Personally, I identify with the working class, and I know lots of workers who would resent any such label. However, I don't use it to describe my relative value in the world, since all of us are contributors to what we call society. I do use it to reflect my location among all the groups it takes to form a society. I am not lower-class; but I am a worker, who implements the decisions of the decision-makers in my industry. The decision-makers are more like theorists; the workers move the widgets, and we all get to see if the widgets do what the theorists planned for them to do. In this world, there are also people who teach; people who nurture; people who are mirrors (artists). Society moves and grows and hums along with all of these living, acting parts. I have no problem naming them "classes," even though it's kind of a loaded word.

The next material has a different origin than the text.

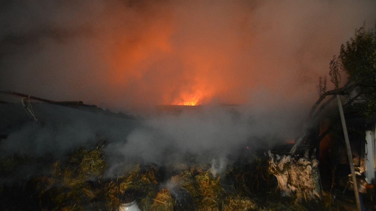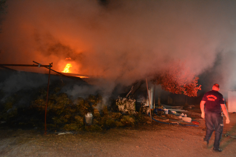 Salihkent Mahallesi Galipo mevkisindeki bir çiftliğin samanlığında henüz bilinmeyen nedenle yangın çıktı.
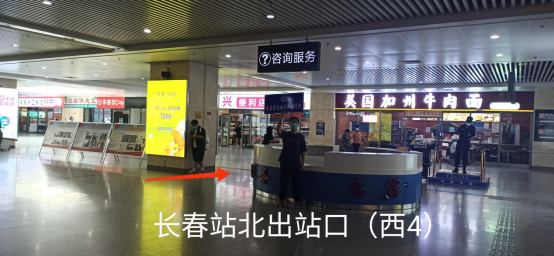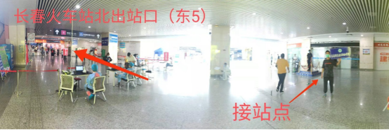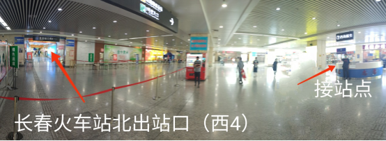 注:长春火车站南出口不设接站点。如从南出口出站人员请走火车站南北通道,从南北通道(北口)出来,走长春站换乘中心1号门下地下一层前往西4出站口咨询处有接站点。

But naming them is preferable to pretending they don't exist, pretending that each of us has individual "autonomy" as promised by the Enlightenment while none of us are taught to practise collective agency. If we do not individually recognize and claim the part we play in maintaining society (which ought now to be conceived as global), we can never really experience our own autonomy; that is, we will not connect to decision-making about the larger forces in our daily life. My point is, the group we belong to is one of those larger forces.
The corporate agenda is to have us believe that we are "free to choose" ... what to buy. If we have money. Last year's economic meltdown ought to be an object lesson for all of us consumers: for a moment the emperor stood naked, and all those financiers were called to account for putting profit above honest participation in society. (I don't know if the consuming class learned from that lesson yet, though.)
True democracy, true self-determination, is political agency. It is participation in the shaping of society: the conditions under which we go to work, secure shelter and food, celebrate our milestones and even recognize our significant relationships. Each class (and each of us probably belongs to more than one) has valuable and unique input into the shapechanging of society. People who labour, that is, carry out others' ideas, need to contribute their own innovations drawn from their experience, if an overall enterprise is to function optimally. The working class has something necessary to the entrepreneurial class ... for increasing profit, sure, but more holistically for making the enterprise a vital contributor to the health of our society. The entrepreneurial class does have something necessary to the working class, or to the non-waged working class, or to the class of elders who've left the daily grind of wage-working behind: in a capitalist economy, entrepreneurs activate the machinery of cash flow. This does not make the entrepreneurial class any more valuable than the rest. Government regulates behaviour, divvies up wealth, supports those outside the wage-working world.
-- wait a minute -- "outside the wage-working world??" Well, who says the government should support anybody who isn't earning their own keep? (you know where this is going.)
Because we all need reminding that we -- the collective, national, income-reporting variants of "we" -- value more than the creation of profit. We value people who are too old to work any longer; who are unwell; who are physically different from the norm and who therefore participate in our world in different ways; people who are too young or still uneducated; people who are just people. We want to take care of everybody: that's why we have a tax system, a federal government, a provincial government. Our structures are where WE put them, so that the mighty wouldn't exploit the weak, so that the Industrial Age wouldn't eat its children; so that more and more of us might participate in the vast web of relationships on this planet. Some through wage-work, some completely outside of it. It takes many classes of people to make the world go 'round. 6 billion individuals on the planet can never know their value and earth-moving strength, but millions of groups of them can build the world we want... the world we need.